# Baaaad smell coming from fridge!!!



## JW2 (Oct 13, 2009)

We've got a terrible odor coming from our fridge and freezer! We've already cleaned out the whole fridge and freezer, wiped down with cleaning solutions and removed the front and rear panels and cleaned with shop vac as well as cleaned drip pan. It dosen't smell like rotten food, it smells like a mouse or rat has gotten inside and died. I cant smell anything underneith, it all comes from inside. We put baking soda and coffee inside and it STILL SMELLS!! Now it just smells like coffee scented death!!! Any ideas? I'm about to go to the store and try to find some stuff to fix the problem. Any help would be GREAT!!



Thanks, Jeff


----------



## Milkman (Oct 13, 2009)

YUK !!

Sounds like you  have covered all the bases as far as the fridge goes......... I would suggest that you research the surrounding area as well for the dead mouse odor. 
One could be in the wall or cabinets making it seem like the fridge is the source of the odor.

Hope you find the problem.


----------



## Dixie Dawg (Oct 13, 2009)

I had something similar happen once about 12 years ago... we were living in a mobile home in Indiana and had this horrible smell of rotting death coming from the refrigerator (so I thought).  Same as you, we cleaned everything inside and out, drip pan, everything, and then discovered that right underneath the refrigerator, under the mobile home, a possum had tried to climb up under the floor and got stuck and died.  After they removed it, bye bye smell... but man it was awful!!! I have sympathy for you!  That's a horrible smell, especially to have around your food that you eat 

Good luck!


----------



## Twenty five ought six (Oct 13, 2009)

Leaking freon has a terrible smell.


----------



## JW2 (Oct 13, 2009)

Twenty five ought six said:


> Leaking freon has a terrible smell.



Does it smell like a dead animal? Maybe i need to check the temp.


----------



## JW2 (Oct 13, 2009)

UPDATE!! Well..... I found the source of the stank! Apperantly.... SOMEONE  put a pound of deer meat in the bottom vegetable drawer.

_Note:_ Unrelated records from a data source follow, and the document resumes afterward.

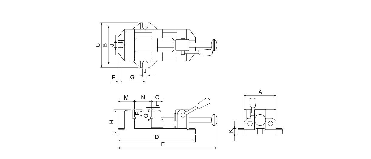 傳統螺桿式虎鉗傳統式螺桿虎鉗是一種常見的固定工具,通常安裝在工作臺上,用來夾持工件,以便進行切割、打磨、鑽孔、組裝或焊接等作業。它的主要特徵是利用螺桿機構控制活動鉗口的開合,透過旋轉手柄帶動螺桿,使鉗口能精確地調整寬度並牢固夾緊工件。虎鉗通常由鑄鐵或鋼材製成,具有堅固耐用、夾持力強的特點,是金屬加工與木工不可或缺的工具。台湾米其林35015 快速虎鉗型号:MCL-CK30 / MCL-CK40 /
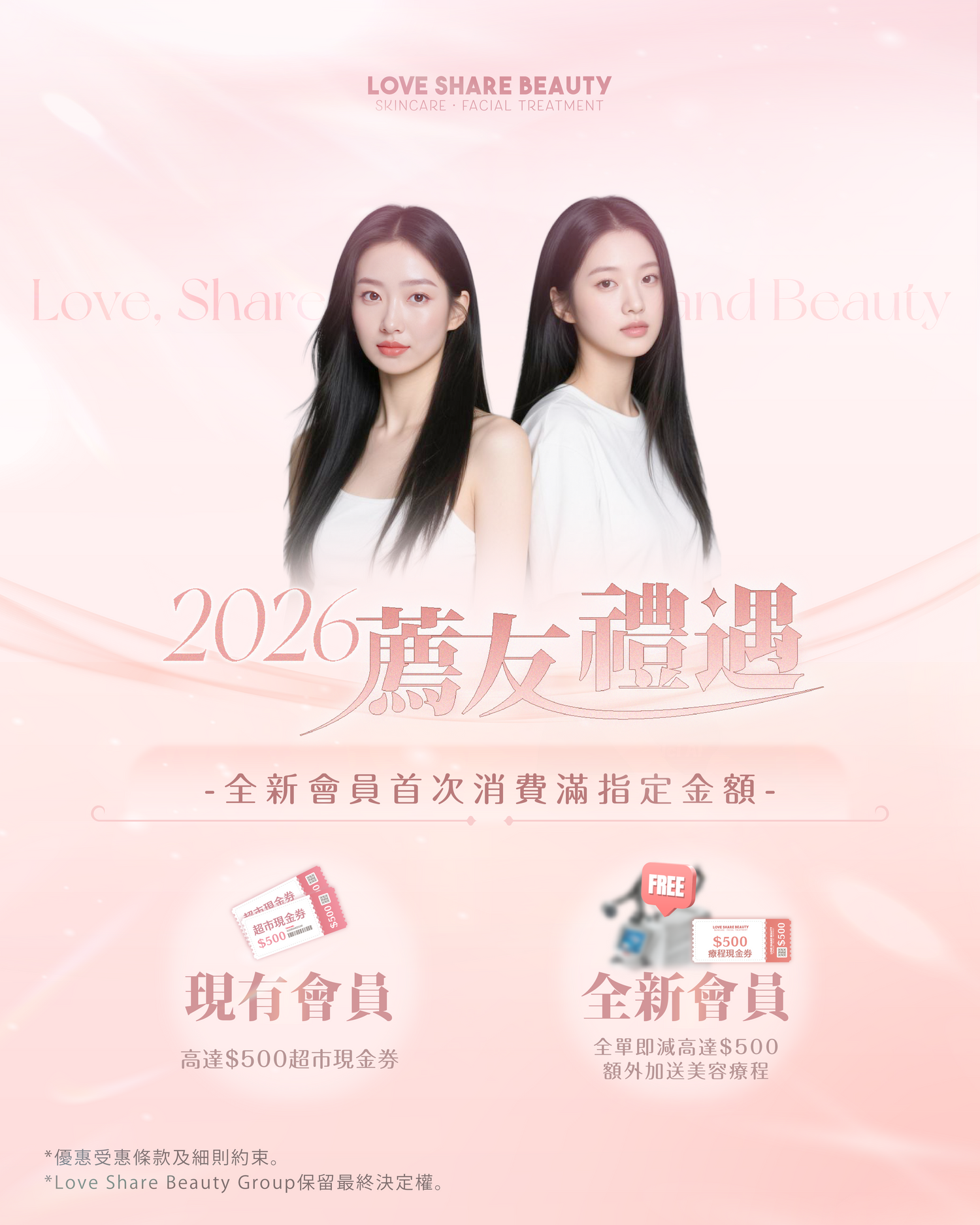 即日起全新客戶只需出示任何香港美容院一年內的療程購買記錄,並於Love Share Beauty首次消費滿$5,000(折扣後計算),即可免費獲贈指定美容療程5次,內容涵蓋清潔、保濕、緊緻、煥膚、養生,賞您由內靚到外!
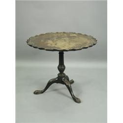 A mahogany tripod table, the one piece top with an applied carved Chippendale shaped border on...

I'm pretty sure that was the problem because when I opened the zip lock, I almost lost it!  U think Kroger will take back all the baking soda I bought??


----------



## jason4445 (Oct 13, 2009)

I was in the repo furniture business for a year and a half and well acquainted with the mousy smell - it is mold.  

Make sure you have taken out all that can be taken off.  Like if there is a large glass shelf over the veggy bins - take the bins out and bang up from underneath the shelf.  It should come out and way in the back mold can grow very well.

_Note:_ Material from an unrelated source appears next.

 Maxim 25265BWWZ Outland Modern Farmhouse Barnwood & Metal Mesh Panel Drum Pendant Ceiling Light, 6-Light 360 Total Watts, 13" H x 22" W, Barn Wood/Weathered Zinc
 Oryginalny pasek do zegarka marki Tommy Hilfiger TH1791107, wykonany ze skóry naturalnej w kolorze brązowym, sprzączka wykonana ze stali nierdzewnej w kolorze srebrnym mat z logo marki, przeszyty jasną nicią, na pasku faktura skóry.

Mold also grows in those cracks and crevices that you cannot get to for cleaning.  Over the years liquids have spilled and flowed down in there and mold starts to grow very slowly cause of the cold.  Also this is true in the freezer.  Also the little drain pipe to the drip pan is another good mold area.

One trick we did, and man there were some nasty fridges, was just take it down to the coin car wash and use that.  The pressure sprayer does a good job one the crevices, but prepare to get wet.

If all else fails, remove all from fridge, turn it off and let it sit open for a day or overnight.  Then clean it with a 50-50 water Clorox very liberally letting the liquid seep down a bit into the cracks.

Sometimes none of these things work and its new fridge time or put up with the smell.

Also if you lay the fridge on its side, or even tilt it a lot you need to let it stand on its base for 8 hours to let the freon flow back to the compressor before turning it back on.


----------